:: WORK INSTRUCTIONS ::
Would you transcribe the listing that follows word for word, skipping pictures?

:: INFORMATION SUPPLIED ::
- Opening Delimiter -

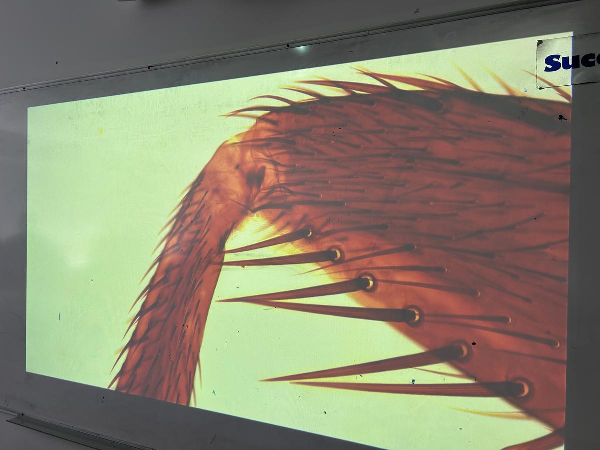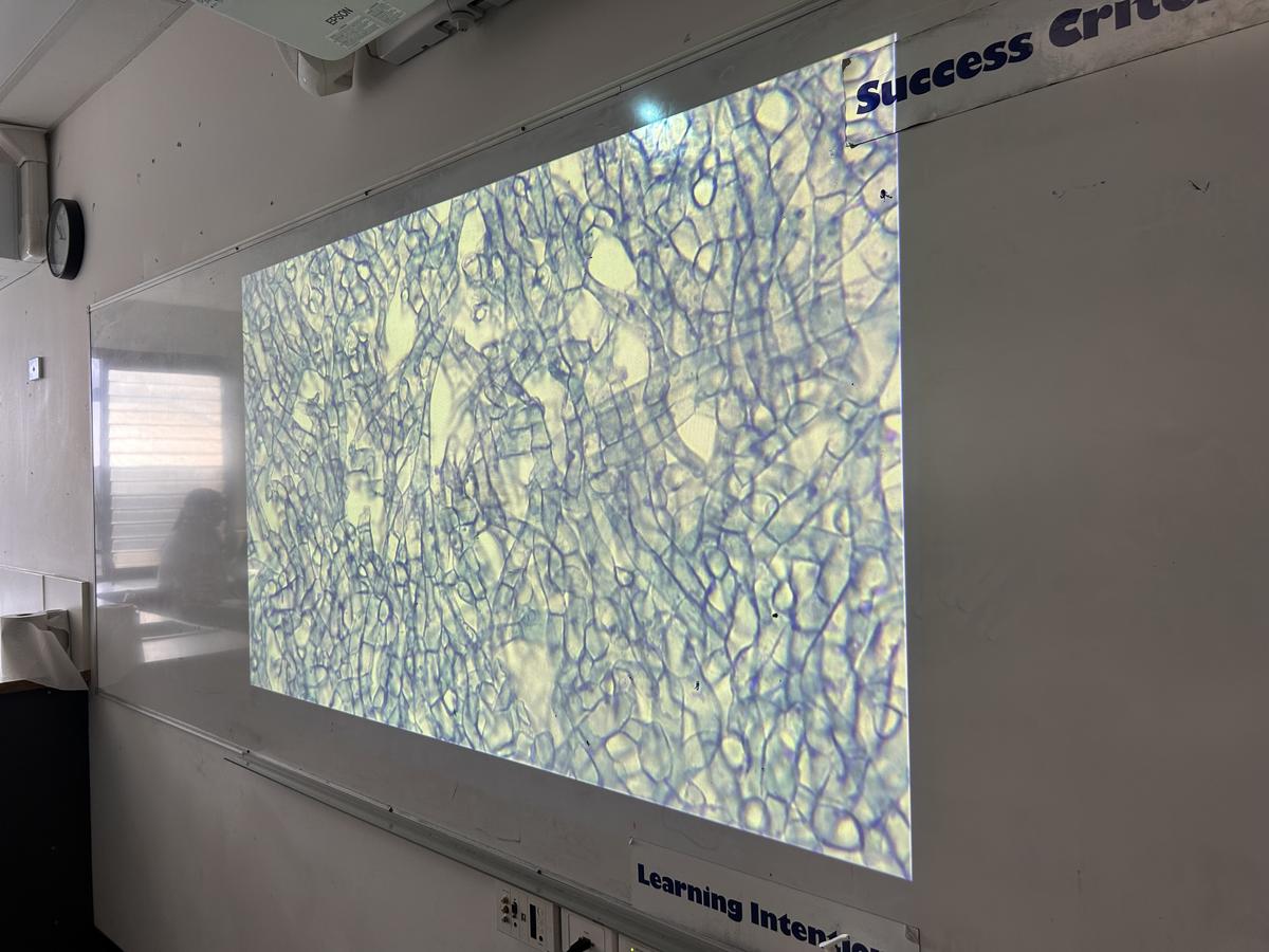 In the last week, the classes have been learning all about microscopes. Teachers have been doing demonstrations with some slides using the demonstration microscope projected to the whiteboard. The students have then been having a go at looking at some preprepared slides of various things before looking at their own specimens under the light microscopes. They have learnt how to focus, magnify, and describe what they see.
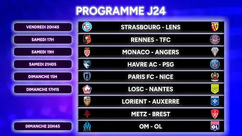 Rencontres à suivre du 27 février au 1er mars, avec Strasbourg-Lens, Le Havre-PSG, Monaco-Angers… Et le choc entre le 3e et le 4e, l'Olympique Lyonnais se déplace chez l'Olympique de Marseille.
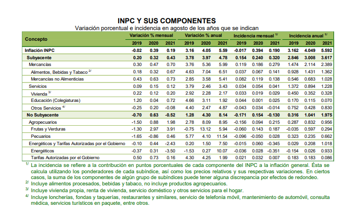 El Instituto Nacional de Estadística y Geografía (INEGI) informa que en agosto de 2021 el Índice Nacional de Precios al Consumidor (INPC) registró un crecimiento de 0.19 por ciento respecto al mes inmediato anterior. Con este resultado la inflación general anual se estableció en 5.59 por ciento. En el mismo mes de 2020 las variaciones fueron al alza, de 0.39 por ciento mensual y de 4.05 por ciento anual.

- Closing Delimiter -

:: SOLUTION TO THE EXERCISE ::
 In the last week, the classes have been learning all about microscopes. Teachers have been doing demonstrations with some slides using the demonstration microscope projected to the whiteboard. The students have then been having a go at looking at some preprepared slides of various things before looking at their own specimens under the light microscopes. They have learnt how to focus, magnify, and describe what they see.
 Rencontres à suivre du 27 février au 1er mars, avec Strasbourg-Lens, Le Havre-PSG, Monaco-Angers… Et le choc entre le 3e et le 4e, l'Olympique Lyonnais se déplace chez l'Olympique de Marseille.
 El Instituto Nacional de Estadística y Geografía (INEGI) informa que en agosto de 2021 el Índice Nacional de Precios al Consumidor (INPC) registró un crecimiento de 0.19 por ciento respecto al mes inmediato anterior. Con este resultado la inflación general anual se estableció en 5.59 por ciento. En el mismo mes de 2020 las variaciones fueron al alza, de 0.39 por ciento mensual y de 4.05 por ciento anual.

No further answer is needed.